End of day.
The world = too big for me. The family was here for a few days. They’ve gone. Things have been wild. Things have sort-of been decided, but are also sort-of as open as ever. I worry that my co-workers and boss read my blog. I worry that someday I’ll stop blogging because of the fear that the co-workers and boss are reading.
Applied: About.com, Council on Foreign Relations, a few other things. I want to be out there, where I something that matters in a place that matters. Here I am sleeping under palm trees, always, no matter what it is I am doing. I want to touch the world, not escape from it.
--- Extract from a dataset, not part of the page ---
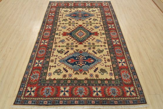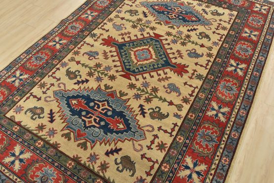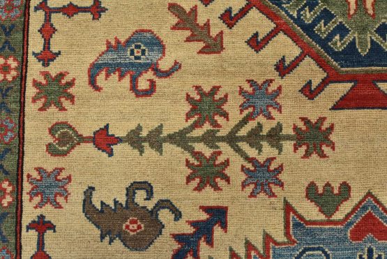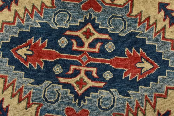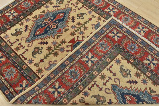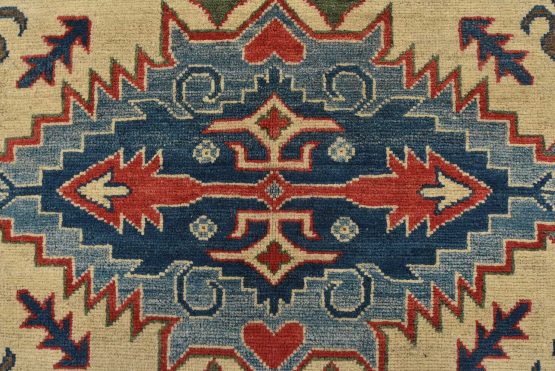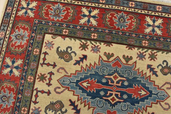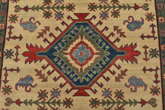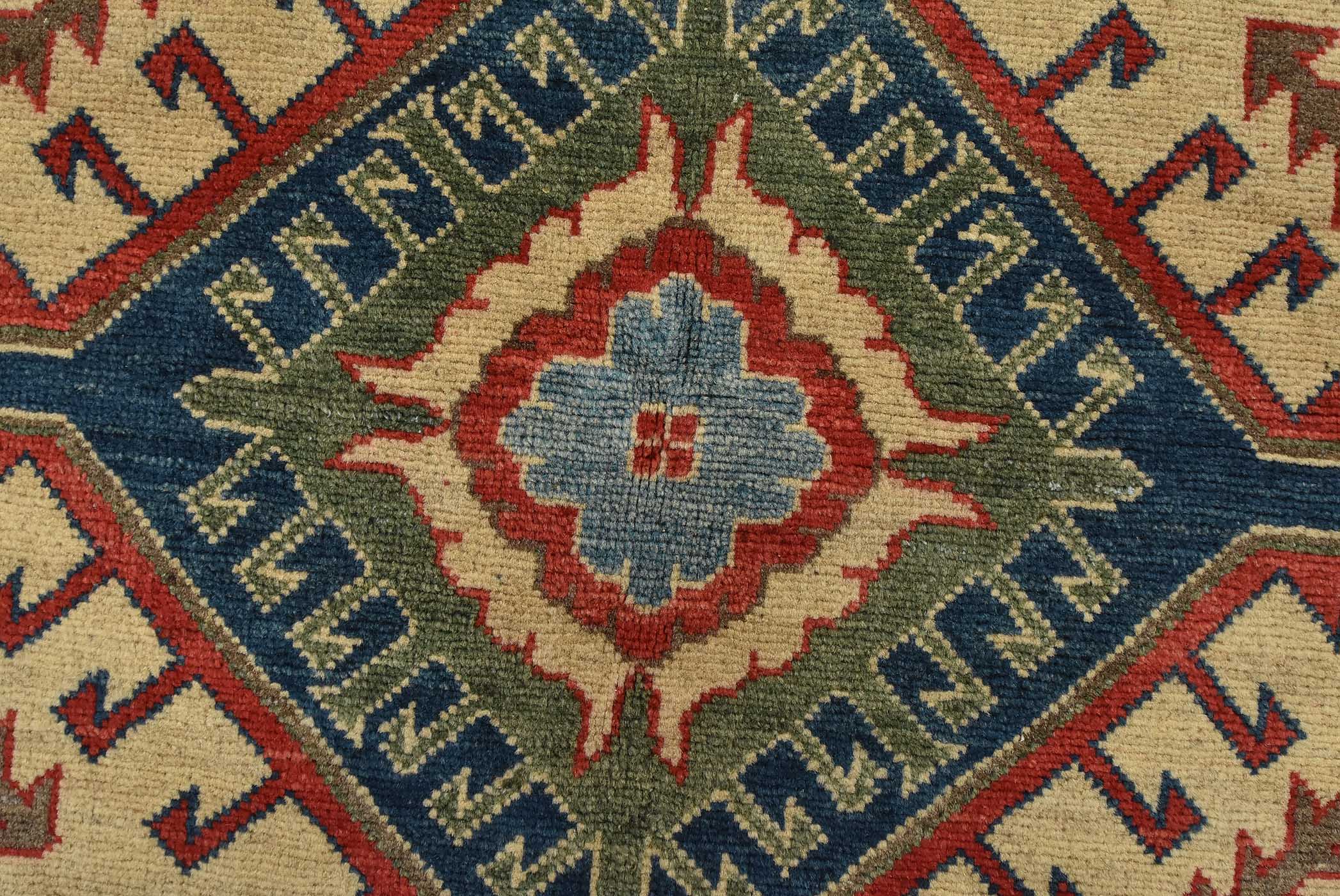 A tribal Caucasian Kazak rug hand-knotted with an all-wool pile on a cotton foundation. This oriental rug features geometric medallions surrounded by geometric botanical designs set against a beige background. It is new and in excellent condition.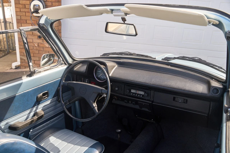 Dit model uit 1973 bevindt zich sinds 2008 in eigendom van de huidige eigenaar en heeft een volledige body-off, moer-en-bout restauratie ondergaan. Uitgevoerd tot op het blote metaal en opnieuw gespoten in Marathon Blue metallic - een echte Volkswagen-kleur - de carrosserie kreeg nieuwe vloerpanelen, een volledige Dintrol-corrosiebehandeling en een nieuw bedradingstoom. Het interieur werd refurbished door Newton Commercial, en een nieuwe Sonnenland-afdekking werd gemonteerd. Mechanisch gezien zijn alle lagers, remmen, vering en koppelingsmechanisme vervangen door nieuwe VW-onderdelen, en de auto werd opnieuw afgesteld door Moores Classic VW. Cruciaal: het wordt geleverd met een certificaat van het Volkswagen Museum dat de identiteit van het voertuig bevestigt, naast een aanzienlijk dossier met facturen.

I am tremendously unfulfilled and lonely and horny right now.
I miss Chicago.
I miss my girlfriend.
I miss my independence.
Life is too short. Life is too long. Life isn’t even there. I need another tattoo.
I’m not me. I’m not me these days. I’m so fucking far into being somebody else that I’m completely unrecognizable. Me = the guy that went to Chicago and sat around at The Pub having a beer and playing shuffleboard. Me = the guy that reads Proust. Me = the guy that writes books, essays, and verses. Me = the guy that takes pictures and sings/plays folk rock on guitar.
I’m not quite sure where I lost me, or where the fuck me has gone. Gotta find him before I get too old, before it’s too late to turn back.